The notion that we can and should prioritize the (relatively) safe playing of college football over prioritizing maximizing the quality of college instruction is mind-boggling coming from two scholars/educators.
Their argument that we need the “distraction” of football leads to a CNN article that offers remedies for mental health challenges of the pandemic age that have nothing to do with watching football. We are told by the authors that we must “essentialize” football, which sounds like fancy academic talk that says football is more important than anything else.
To be sure, this attitude is nothing new. When I was at Clemson, it was strongly suggested we cancel Thursday afternoon classes when the Tigers had a weeknight home game that was going to be featured on ESPN. A walk around Clemson (and many other campuses) while looking through the eye of an ethnographer will reveal that football is very important to the modern university indeed.
If American public universities need college football, then I’m afraid we have gone past the point of the necessity of the educational mission of the public university. I hope this is not true. I’m about to publish a book that argues very strongly that this is not true, but then you read an essay by a couple of honest-to-goodness academics saying how important football is, and a guy starts to wonder.
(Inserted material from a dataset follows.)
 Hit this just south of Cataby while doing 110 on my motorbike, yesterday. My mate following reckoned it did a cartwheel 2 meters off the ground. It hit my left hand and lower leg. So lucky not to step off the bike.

I’ve been institutionally affiliated in various ways with a college for the last nine years that does not have a football team, and it appears to be functioning just fine. Has College of Charleston been misguided all these years?
It’s true, I am fed up with life lived under a pandemic, but in my view, the fastest way to a life with fewer restrictions is to take the steps necessary to get the pandemic under control so our rates of infection start to look more like some of the countries of Europe that seem to be doing better on this front.
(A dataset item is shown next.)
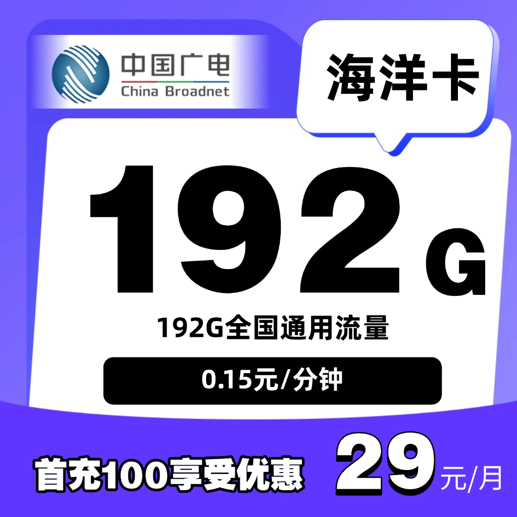 29元192G通用+0G定向+0.15元/分钟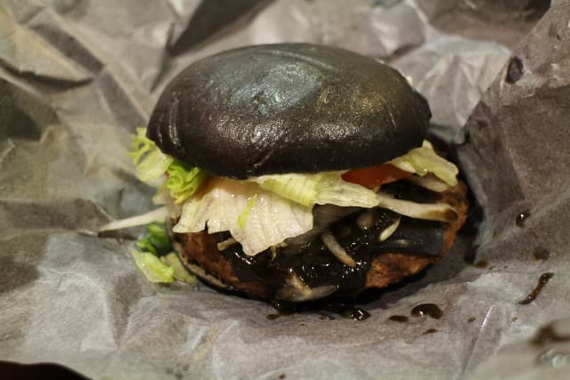 Burger King tuvo la extraña idea de agregar una hamburguesa negra a su menú de Japón. Está hecha con pimiento negro, mientras la salsa contiene tinta de calamar.

Over the years, my personal fandom has waned as the corruption of the NCAA and exploitation of athletes began to weigh on my conscience. It didn’t seem like something I could support while also believing in the educational mission of the institutions, so I stopped watching, and I’m here to tell you there’s other things to do with your Saturdays.
The pandemic is revealing many things, one of which is the incredible divide between the importance of football and the importance of academics at institutions like Ohio State. I have no desire to see the end of college football, but I support the end of the fiction of the “student athlete.” I believe we should work toward a system where the players are treated as professionals playing in the NFL minor leagues, which has the benefit of being accurate.
Spin off the teams into for-profit entities. Pay the players salaries commensurate with developing professionals and allow them to profit of their likenesses. End the institutional subsidies and instead have these new entities license the logos and pay rent for the facilities so football can be a pure revenue source for schools.
For those outside the Power Five conferences who cannot swing this, let them move to a sustainable model where athletics are an appropriately proportional part of the whole institution.
Let football players be athletes until they are done with athletics, after which we can welcome them back to spend their time as students.
If we do this, perhaps we can be a little less collectively confused about what mission our institutions are meant to serve.